The project includes an SConstruct file that will build with the SCons software construction tool. It is set up to build a test harness using Googletest (set environment variable GTEST_DIR
to your Googletest path, e.g. C:\tools\gtest\gtest-1.7.0
) using MinGW on Windows (while the allocator was written for an embedded system, the test project as a whole requires a host; there's no reason it shouldn't run on Linux or other OSes with minor changes). Running scons
will build an executable test harness that can be run as build/test
.
Memory overhead is 2 bits per smallest block, i.e., if the smallest block is 16 (2^4) bytes and the arena size is 1k (2^10), then it would be 2*1024/16 or 128 bits = 16 bytes.
Create an arena by including the header and defining an Allocator<min, heap>
where min
is the size of the smallest block as a power of 2 (e.g., use 4 for 16) and heap
is the entire heap size, also as a power of 2 (e.g., use 10 for 1024 or 1k).
#include "Alloc.h"
Allocator<4, 10> g_alloc;
Memory can be allocated using the PtAlloc
methods; there is one for an array allocation, which takes a length, and another for allocating a regular type. They return a std::unique_ptr<T>
(or T[]
) which will free the memory when it goes out of scope.
auto pmystruct = g_alloc.PtAlloc<MyStruct>();
auto pb = g_alloc.PtAlloc<uint8_t>(32);
If the allocation fails, nullptr
is returned (exceptions were not enabled in the embedded project).

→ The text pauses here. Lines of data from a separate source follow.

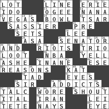 ACROSS 1. Car dealer's back yard 4. Actor's bit 8. One of the Great Lakes 12. Wedding promise 13. Double curve, resembling the letter S 14. Grandmother 15. Viva Las _ 18. Soup holder 19. Russian ruler of old 20. More lively and spirited 22. Before (prefix) 23. Arranges properly for use 24. Area sheltered from the wind 25. White ___ sheet 26. Elected representative 30. Also 33. Disturbances 36. Musical group of three 37. Plunder 39. Basketball assoc. 40. Shout 41. American tennis player Robert 42. Silly 44. Compass dir. 45. Thinks logically 47. Krazy ___ of comics 50. Small amount or degree 51. Nights before holidays 53. Title for a knight 54. Inveterate users 57. Baby powder 59. Had on 61. Yell 63. Slanted text style (abbr.) 64. SW Asia republic 65. Luau accessory 66. Wig 67. Negative votes 68. Sight organ DOWN 1. 54 in ancient Rome 2. Lyric poems 3. Ancient Roman robes 4. Ear part 5. Russian composer Stravinsky 6. ___ Haven, CT 7. Snakelike fish 8. Plea 9. To erase 10. _ tizzy (2 wds.) 11. Ewer handle 16. Toward the sea 17. Fast planes 21. Austrian river, tributary to the Danube 22. Writing instrument 24. French article 26. Comedian Laurel of Laurel & Hardy 27. Relationship diagram 28. Lubricates 29. Hero or heavy, e.g. 30. Having or resembling wings 31. Olfactory organ 32. Capital of the state of Qatar 34. Restaurants 35. Chief or king in Benin or Nigeria 38. A testis 42. Indiana (abbr.) 43. Made supply last 46. Boat paddle 48. Deliberation 49. Technology 52. Took without asking 53. Narrow board 54. Like ___ of sunshine 55. Cub Scout units 56. Chop _ 57. Teat (slang) 58. Had dinner 59. Acquire through effort 60. Mouth or opening 62. Neckwear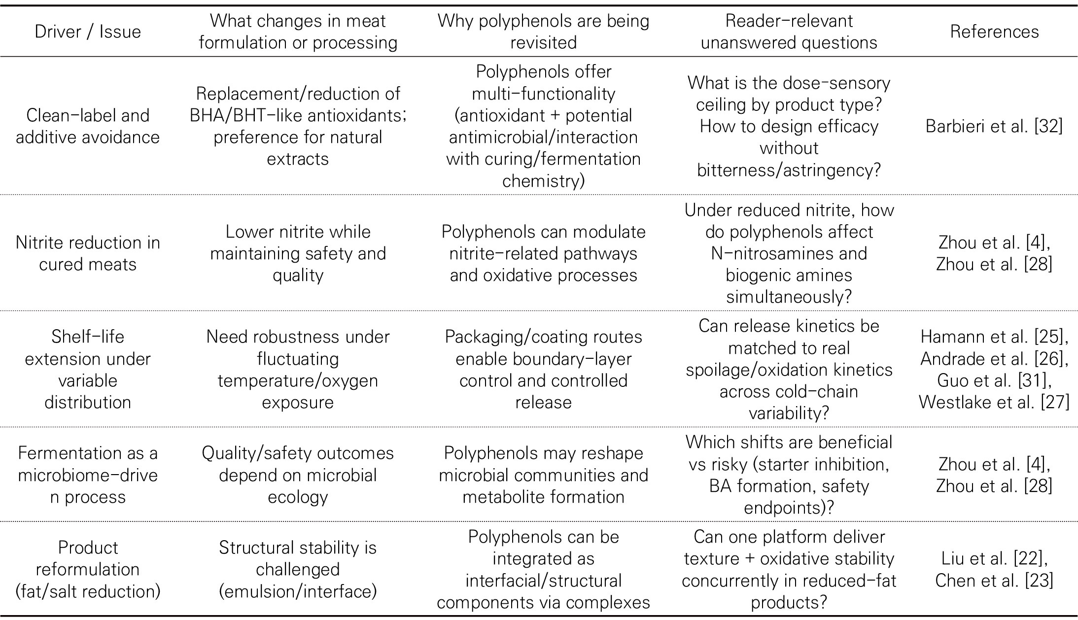 - Growing consumer demand for clean-label meat products has accelerated efforts to replace synthetic antioxidants with plant-derived polyphenols, yet practical adoption remains constrained by sensory impacts, limited solubility, and instability under processing and storage conditions. This review synthesizes recent evidence on how polyphenols can be rationally integrated into diverse meat matrices to enhance quality and safety outcomes, with emphasis on oxidation control and the mitigation of nitrite-related hazards. Beyond conventional performance endpoints (e.g., TBARS and VBN), we highlight multi-dimensional assessment frameworks that connect physicochemical changes with microbial ecology and safety markers, including biogenic amines and nitrosamines. Mechanistically, polyphenols act not only as radical scavengers but also as modulators of processing microenvironments and microbial communities, as demonstrated in reduced-nitrite fermented sausage models interrogated via integrated metabolomics and metagenomics. To address industrial bottlenecks, we discuss formulation and delivery innovations such as cyclodextrin-based inclusion complexes for improved dispersion and thermal robustness in low-salt sausages, controlled-release biopolymer films, and edible coatings that demonstrably delay lipid oxidation during extended refrigerated storage. Finally, we propose a translational roadmap for commercialization, focusing on dose–response standardization, sensory-risk management, migration/safety considerations for active packaging, and mechanism-guided selection of polyphenol structures and delivery platforms. - COLLAPSE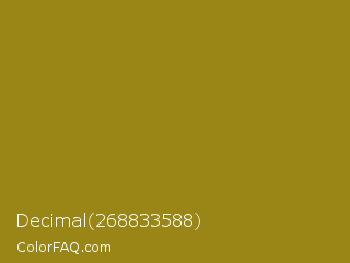 Decimal 268833588 Color is a normal yellow color and the nearest color is Hacienda #98811b. Hex code #998616 and RGB value is rgb(153,134,22). In RGB color space, this color is composed of 60% red, 53% green, 9% blue, In CMYK color space, this color is composed of 0% cyan, 12% magenta, 86% yellow , 40% black , In HSL color space, this color has a hue angle of 51° , 75% saturation and 34% lightness.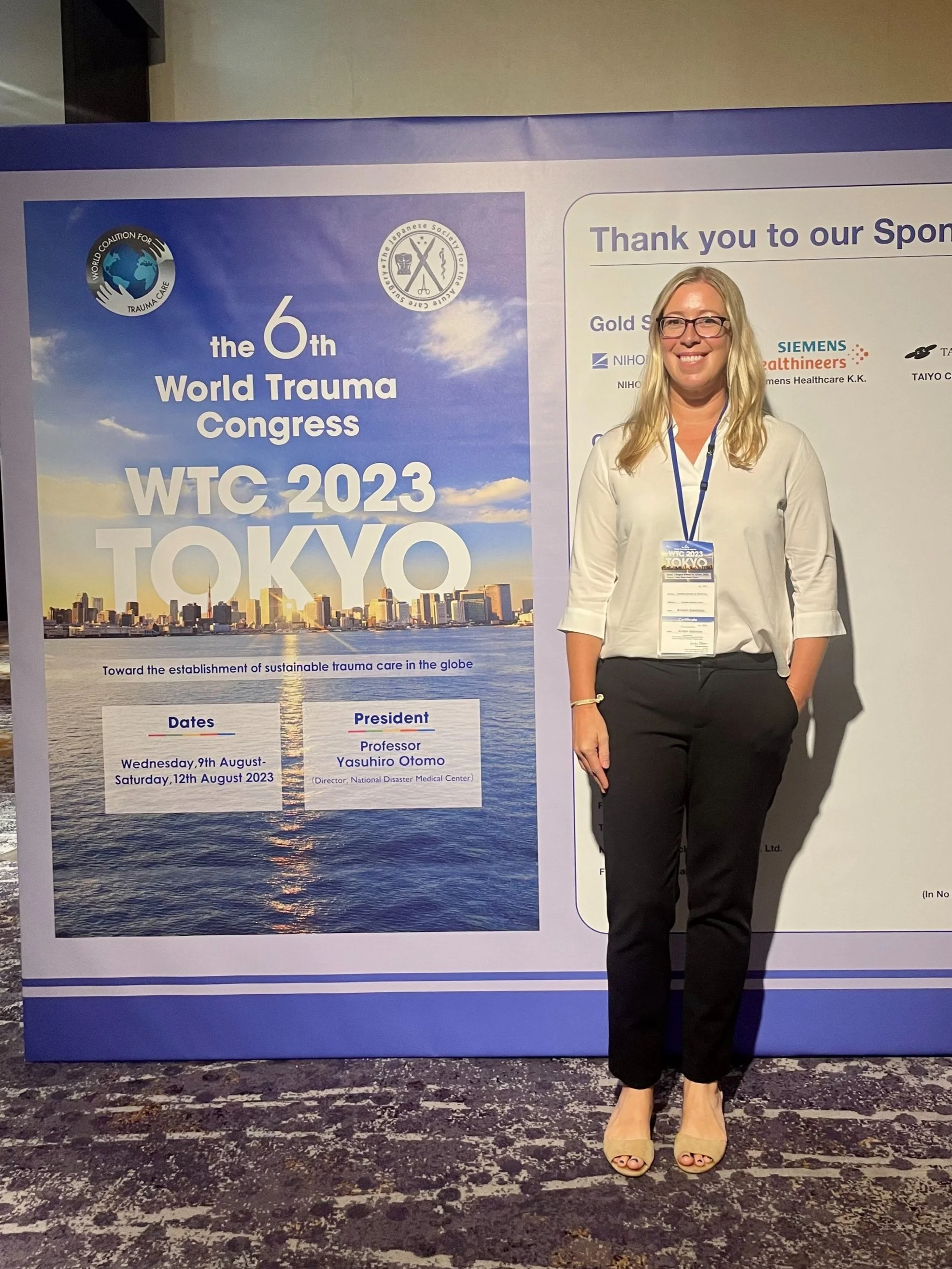 Kristin Salottolo presents her work on postoperative bleeding events in orthopedic fractures at the 2023 World Trauma Congress in Tokyo, Japan.

If it is necessary to detach the pointer without freeing it, use std::unique_ptr<T>::release
; you can re-attach it to obtain another std::unique_ptr<T>
with the appropriate deleter using PtAttach
(or PtAttachRg
for arrays). Prefer using and moving the std::unique_ptr<T>
if possible.
auto pfoo = g_alloc.PtAlloc<Foo>();
ABC abc;
abc.pfoo = pfoo.release(); // ABC::pfoo is a Foo *
// ... later ...
auto pfoo = g_alloc.PtAttach(abc.pfoo);
If it better matches your project's requirements, you can expose the private PvAlloc
and FreePv
methods and use them to allocate bytes and return a void *
and free directly rather than using RAII. This is not recommended except for use with legacy code.
The implementation sacrifices some speed to save memory by not using free lists; instead, a bitmap representing a contiguous array of the smallest block is used to track allocations, with 2 bits per smallest block (see above). The first (high) bit is set if the block is in-use; the second is set if it is the end of a logical block. For example, the initial state is 00 00 00 ... 00 01, meaning one free block the size of the whole arena. It can then be split recursively down to the minimum size by flagging the appropriate smallest-block as an end-block.
It may be instructive to define TEST_OUTPUT
when running the tests to see how the block bitmap changes after various operations.